The cash flow can appear good on garage conversion ADU additions, but the value being added by ADU additions in SFH areas is even lower than this amount.

ADU additions in SFH areas are typically getting values of between $50k and $100k which is less than these additions cost for a hands off addition. This results in a negative equity position typically between $50k and $100k.

Now some hypothetical numbers that are in the range of expectations. $150k 2/1, 600' large garage ADU addition that adds a value of $75k. Start with a negative $75k position. Financed $120k (80% LTV) at 8.5%, 30 year with no secured loan (not a heloc). Rents in nice area, $3k/month. Use 50% rule, expenses are $1.5k/month. P&i $923. Cash flow $577/month, not horrendous. $75k (initial negative equity)/$577 (monthly cash flow in this hypothetical case) = 130 months (10.8 years). The first profit in this case happens in year 10 (almost year 11).
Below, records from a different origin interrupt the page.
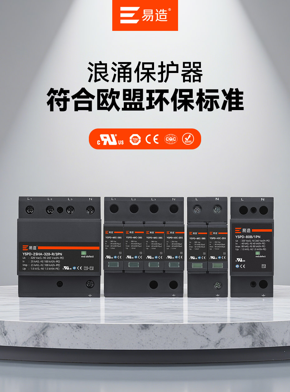 易造認(rèn)證浪涌保護器規(guī)格型號齊全,滿足全球各個國電力系統(tǒng)單相和三相的防雷保護,符合全球市場的最高質(zhì)量和歐盟環(huán)保標(biāo)準(zhǔn),可替代進口品牌SPD,支持外貿(mào)出口定制。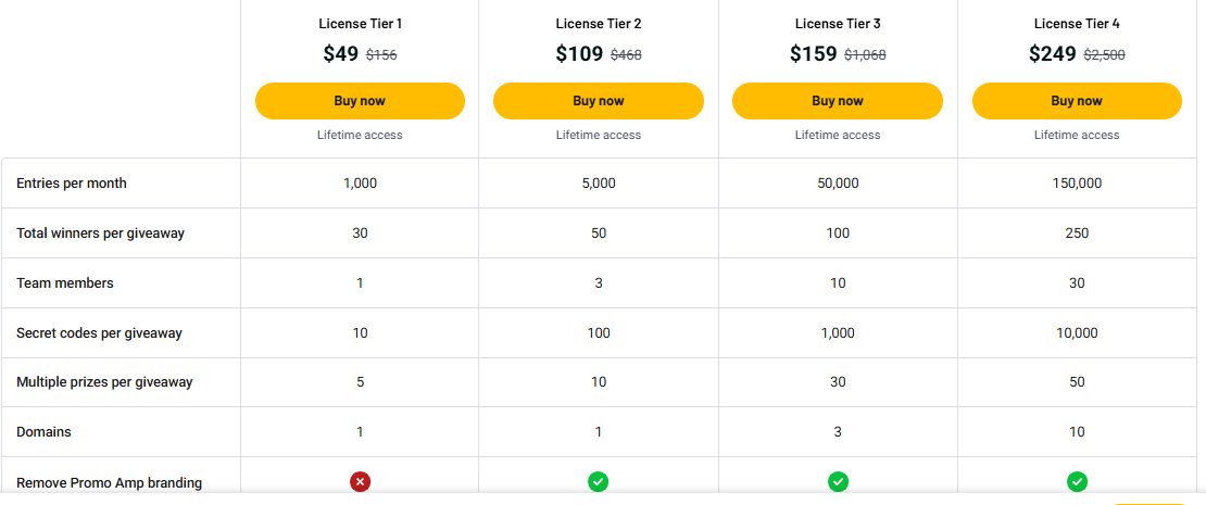 Run as many giveaways as you want. There’s no limit, even on the lowest plan. You can test, improve, and repeat without worrying about extra costs.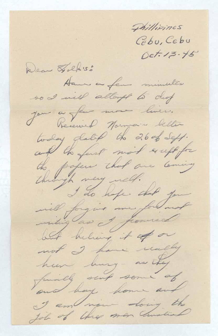 Received Norma’s letter today dated the 26 of Sept. and the first mail except for the papers that are coming through very well.
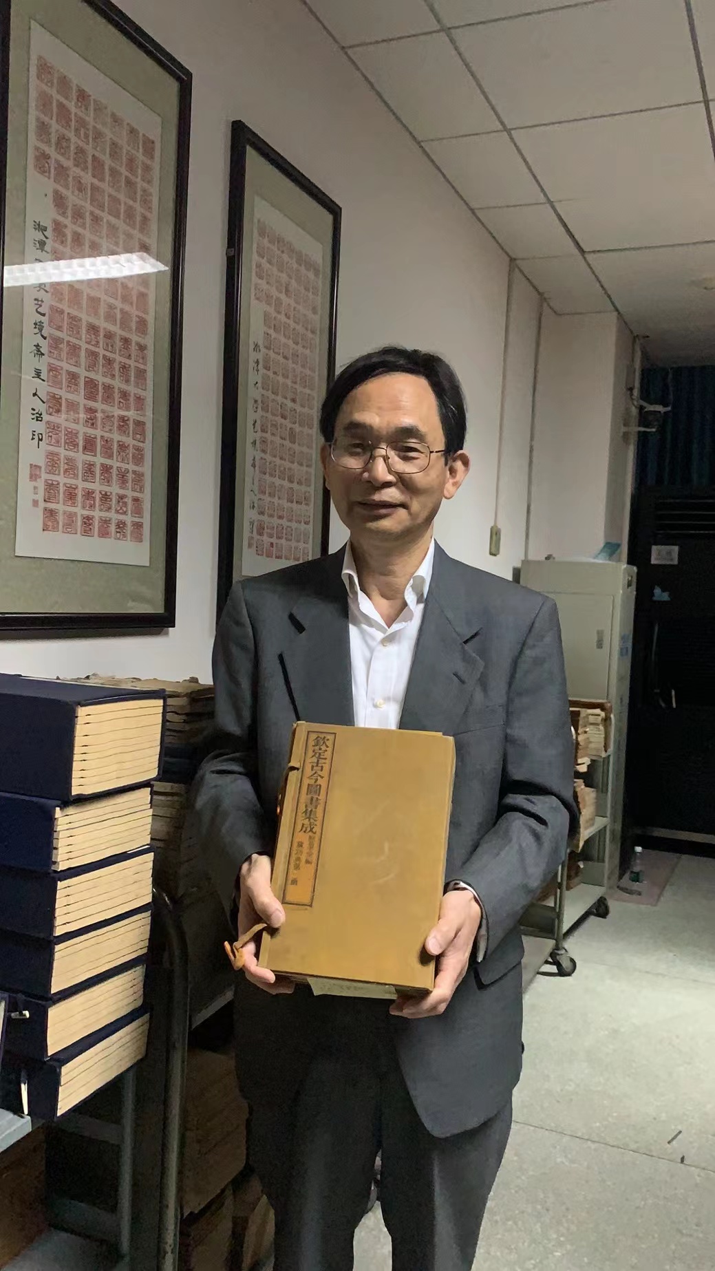 胡家建院友应邀参观了校图书馆,与校图书馆镇馆之宝《钦定古今图书集成》留下珍贵合影。他称赞公司留存的《钦定古今图书集成》是世界上最完备的版本。

Note this is the biggest issue, but other things to consider is no revenue until ADU is built and rented. The ADU detracts from the primary unit. If the primary unit is over 15 years old, in most areas in CA the primary unit is now rent controlled (which I believe is not what was intended by the 15 year exemption but is the way most jurisdictions are applying the 15 year exemption). ADU additions are a lot of work. Likely more than a large rehab, but with a BRRRR I can (and always have) achieve infinite return.

A big issue adding a small amount of small units is expensive development   

In general, adding an ADU (even via garage conversion) in SFH zoned areas is one of the worst RE investments.
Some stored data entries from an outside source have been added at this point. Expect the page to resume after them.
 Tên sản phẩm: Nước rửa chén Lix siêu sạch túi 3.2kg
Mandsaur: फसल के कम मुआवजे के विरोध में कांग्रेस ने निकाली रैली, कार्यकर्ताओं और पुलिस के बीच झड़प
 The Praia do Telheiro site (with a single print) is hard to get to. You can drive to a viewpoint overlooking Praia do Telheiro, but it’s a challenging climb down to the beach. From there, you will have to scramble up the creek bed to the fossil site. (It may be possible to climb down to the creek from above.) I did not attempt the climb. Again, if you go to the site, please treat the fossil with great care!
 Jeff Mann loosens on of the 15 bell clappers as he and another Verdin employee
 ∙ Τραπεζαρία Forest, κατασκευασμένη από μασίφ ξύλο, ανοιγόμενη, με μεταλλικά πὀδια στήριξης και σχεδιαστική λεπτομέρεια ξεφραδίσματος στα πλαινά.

Note adding ADUs to 5+ unit properties is different. These properties are valued on cap rate and NOI. This may be able to work if the ADUs can be added at a low enough cost that the NOI and cap rate provides a value high enough to justify the effort and risk. Note one of the syndications I am an LP uses this strategy and a very friendly local ADU law as their sophisticated value add.